Presidential funerals have a rich history, with the public farewells often revealing a bit about the individuals who held the office and their time leading the country.
Carter is no exception.
The Early Years
As with most presidential traditions, George Washington is a good place to start.
The United States’ first commander in chief requested a private funeral, without public eulogies or parades. But that wish was denied.
“Hundreds of mourners flocked to Mount Vernon to pay their respects,” said Matthew Costello, with the White House Historical Association. “Mock funerals are held throughout the entire country, celebrating George Washington as a national figure.”
Throughout the 19th century, presidential funerals would vary in size from small local gatherings to large outdoor tributes.
The funeral procession in New York City for Ulysses S. Grant in 1885 drew an estimated 1.5 million people, the largest demonstration in the country to that point.
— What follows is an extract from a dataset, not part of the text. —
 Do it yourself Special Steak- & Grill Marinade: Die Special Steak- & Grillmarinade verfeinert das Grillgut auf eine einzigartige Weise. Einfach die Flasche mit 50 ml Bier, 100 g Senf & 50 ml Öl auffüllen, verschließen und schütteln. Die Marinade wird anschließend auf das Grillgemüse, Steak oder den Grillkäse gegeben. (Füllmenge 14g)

Grant, who as a general led the Union to victory in the Civil War, was buried in Riverside Park on Manhattan’s Upper West Side in a temporary tomb until a mausoleum was constructed in his honor and completed in 1897. It remains the largest mausoleum in North America to this day.
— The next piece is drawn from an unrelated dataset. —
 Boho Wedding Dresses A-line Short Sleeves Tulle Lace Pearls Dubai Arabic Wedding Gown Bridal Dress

Louis Picone, the author of the book "The President is Dead!" said Grant’s death was “really seen as the right moment, the right man almost to celebrate reunification and reconciliation.”
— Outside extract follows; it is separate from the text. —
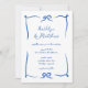 Hand Drawn Ribbon Doodle French Blue Wedding Invitation

“Even at the funeral, there was some former Confederate soldiers that had marched in the funeral procession,” Picone said.
Lincoln establishes the standard
The death of Abraham Lincoln after being shot at Ford's Theater in Washington, D.C. helped establish the standard for presidential memorials.
Lincoln was the first commander in chief to lie in state in the U.S. Capitol rotunda, a now common practice.
Thanks to the growing ubiquity of the railroad, many Americans participated in the grieving process firsthand. Lincoln’s funeral train made a 1,700 mile journey, with several stops including in New York, Philadelphia, and Chicago.
“Approximately 1.5 million people saw Lincoln's remains. Approximately eight million people would have either seen the funeral train or seen the procession,” Picone said.
Nearly a century later, when another assassination rocked the nation, John F. Kennedy’s wife Jackie looked to Lincoln’s funeral as a model for how the country would say goodbye.
Kennedy’s funeral was the first broadcast on television, allowing even more Americans to participate.
Since then, these funerals are now very public affairs and the rituals are often familiar.
Presidents begin planning their funerals while still in office, giving them more of a direct say in what their final sendoffs look like. What traditions they choose to follow — or not — reveal a bit about who they are.
Harry Truman, for example, opted for a smaller service back home in Missouri.
“Truman did not see himself as sort of president-for-life,” Costello said. “I think he rejected the pomp and the pageantry often associated with the presidency. And Independence was the place that he loved.”